そしてカチャリと音をさせながらクローゼットの奥にある――を手に取りしっかりと握った後扉に向かう。
先程までたくさんの人達の賑やかな声が届いていた廊下は静まり返り冷たい空気が漂っている。静かに気配を殺し歩き続けるジョン。
一つの扉の前で止まる。
他の扉に比べ緻密な彫り物がされた扉。見るからに中には高貴な方がいるぞと主張している高価な扉。
ノブに手をかけ音を立てずに扉を開け中に入る。
本当に楽しかった。
自分の役目を忘れるほどに。
こんなことをするのが正しいとは思わない。だけど自分には守りたいものがあるのだ。
ユリアもカインも名ばかりの貴族と名乗った自分を見下すこともなく親しい友人のように接してくれた。その温かい心に揺れることもあった。
本当のことを白状しようかと思ったこともあった。
だが皮肉なことにユリアこそが自分が一番守りたい人を思い出させてくれた。
そっとベッドに近寄るジョン。
その手には――短剣が握られている。
気配もなく、殺気もなく、ただただその命を奪うためだけに無心で動く。暗闇を見据えるジョンの瞳はなんの感情もなくガラスのように透き通り冷たい。
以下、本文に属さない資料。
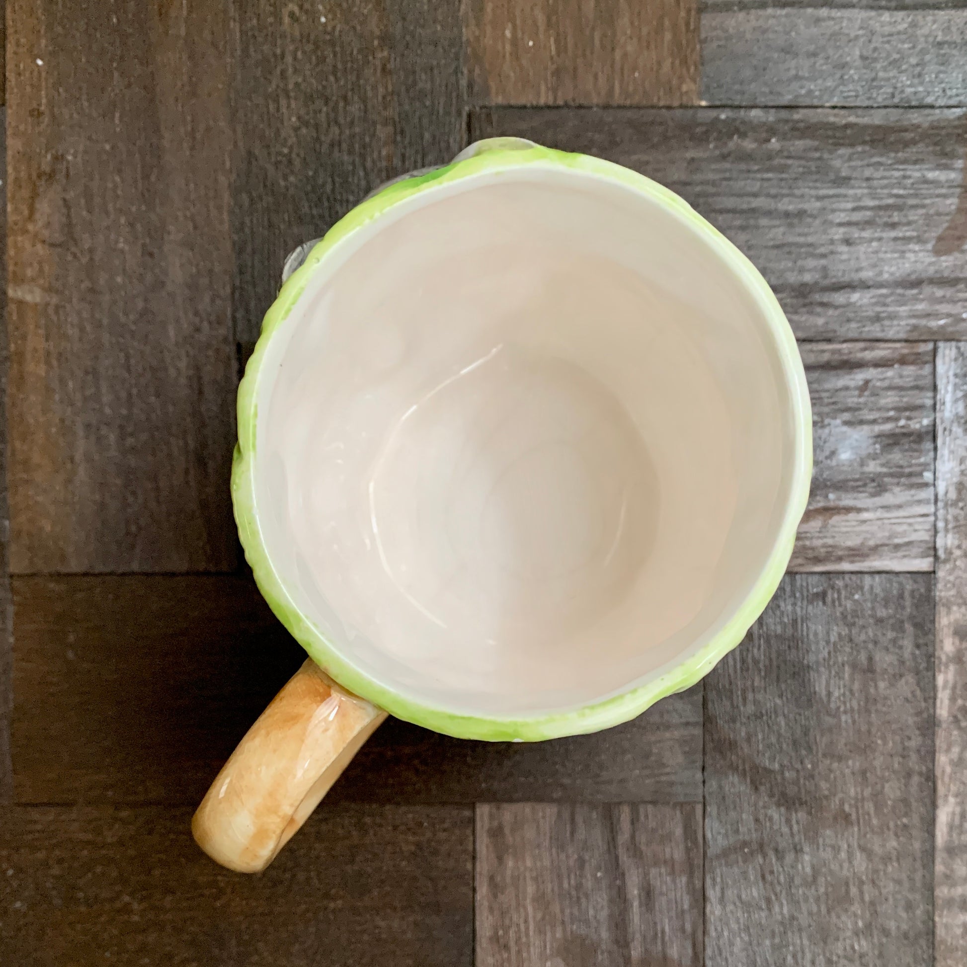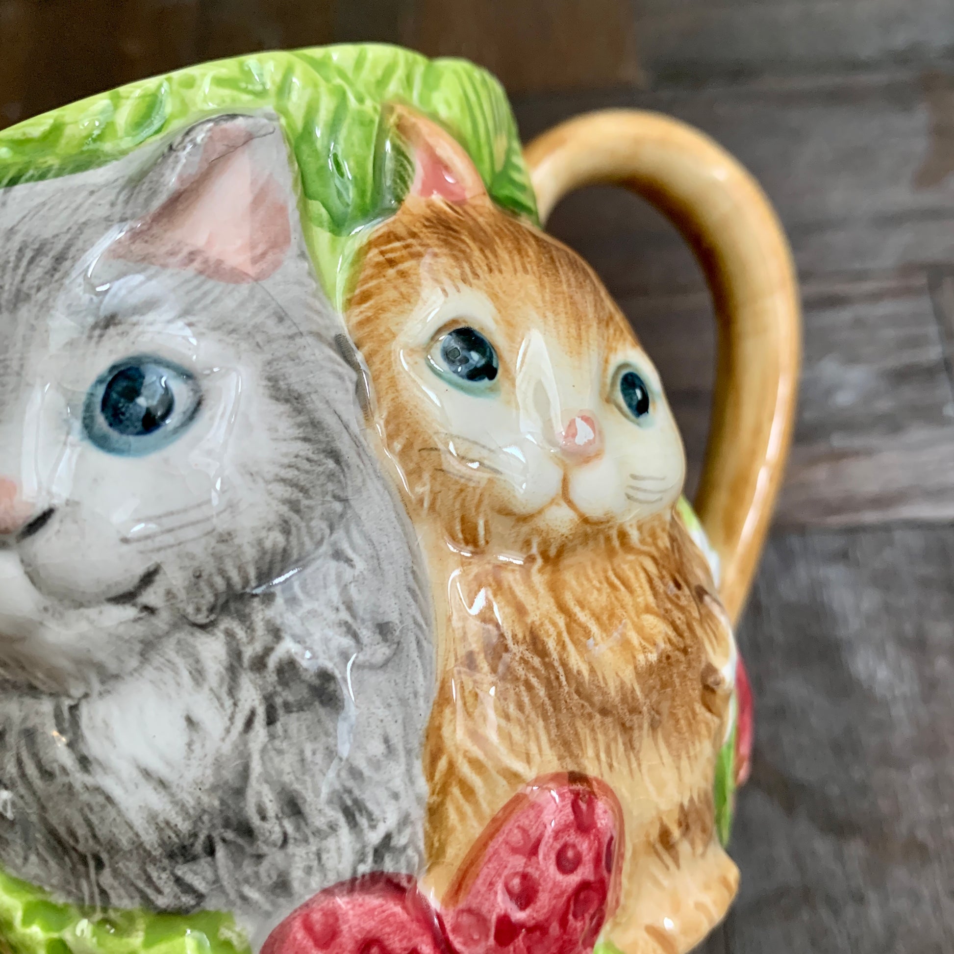 イチゴと猫が立体的なモチーフとなっており、絵付けの筆の質感もあたたかな気持ちにさせてくれるマグです。
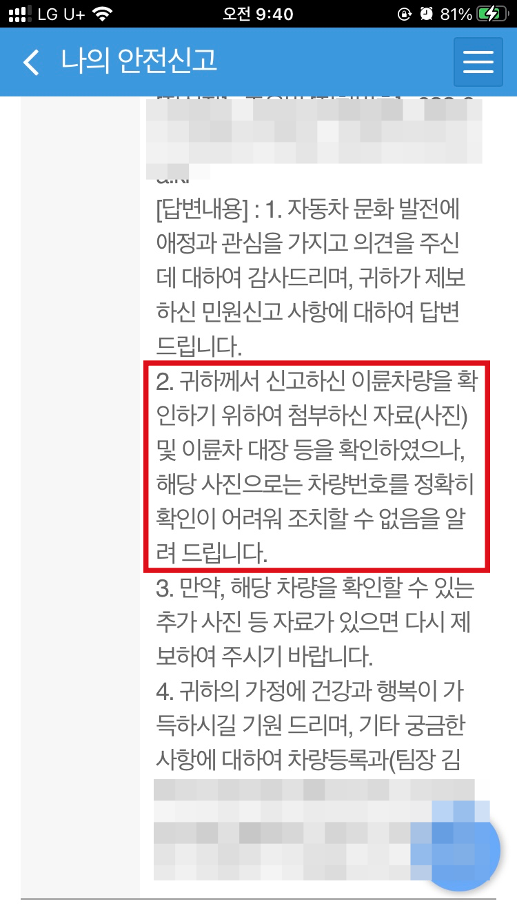 담당자는 차량번호를 정확히 확인할 수 없다고 합니다.

灯りは消え部屋を照らすのは厚手のカーテンの隙間から僅かに差し込む月明かりのみ。だが闇夜になれた瞳。暗がりはベッドに辿り着くのになんの支障にもならない。
ベッドに横たわるユリアを見下ろす。
生憎横を向き横たわる彼女の顔は美しい金色の髪の毛で覆われ見えない。ずっと無表情でいたジョンの瞳が僅かに揺れる。
良かった。
顔を見てこれを振り下ろせる自信がなかったのだ。
手に力を込めナイフを振り上げる。
最後まであなたは優しかった。
本当にありがとう。
彼女の細い首めがけてナイフが振り下ろされた。